— GIVEN DATA —
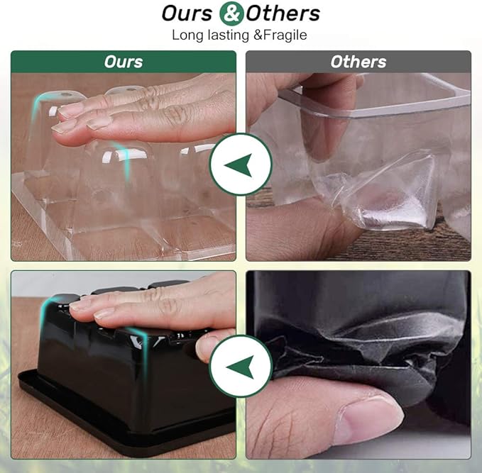 • Heat Mat Compatible: These seed trays are designed to withstand high and low temperatures, making them perfect for use with a heat mat without worrying about warping or melting.
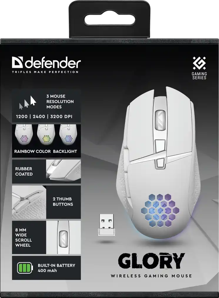 Defender Glory GM-514 White ima šest tastera i točkić za skrolovanje, što omogućava lako upravljanje i brzi pristup funkcijama. Bežični interfejs preko USB-a pruža slobodu kretanja, dok je kompatibilan sa Windows i Mac operativnim sistemima.
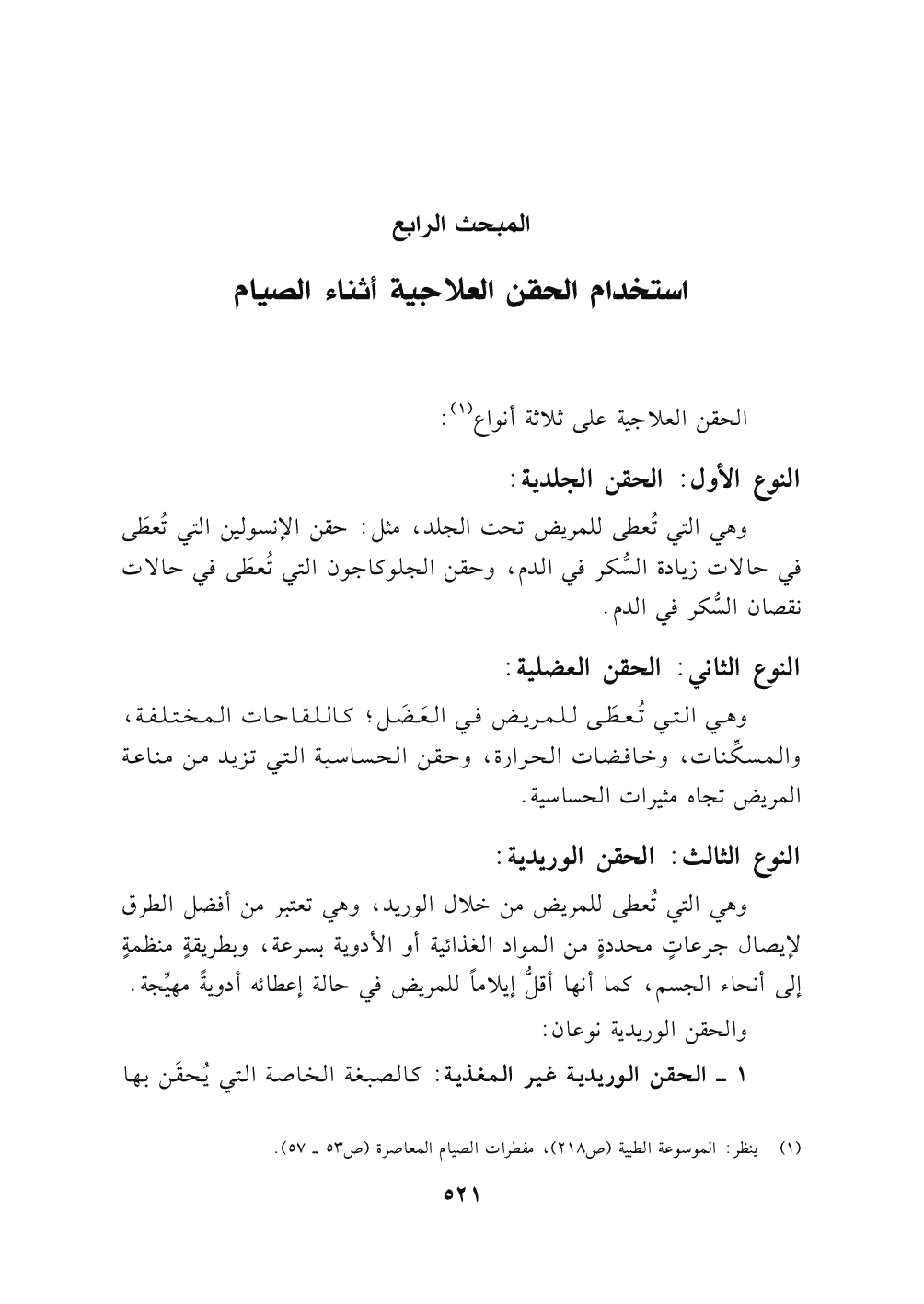 (١) ينظر: الموسوعة الطبية (٢١٨)، مفطرات الصيام المعاصرة (٥٣ - ٥٧).

— WORK REQUEST —
Return the listing verbatim; pictures are not part of the copy.

— TASK RESULT —
 • Heat Mat Compatible: These seed trays are designed to withstand high and low temperatures, making them perfect for use with a heat mat without worrying about warping or melting.
 Defender Glory GM-514 White ima šest tastera i točkić za skrolovanje, što omogućava lako upravljanje i brzi pristup funkcijama. Bežični interfejs preko USB-a pruža slobodu kretanja, dok je kompatibilan sa Windows i Mac operativnim sistemima.
 (١) ينظر: الموسوعة الطبية (٢١٨)، مفطرات الصيام المعاصرة (٥٣ - ٥٧).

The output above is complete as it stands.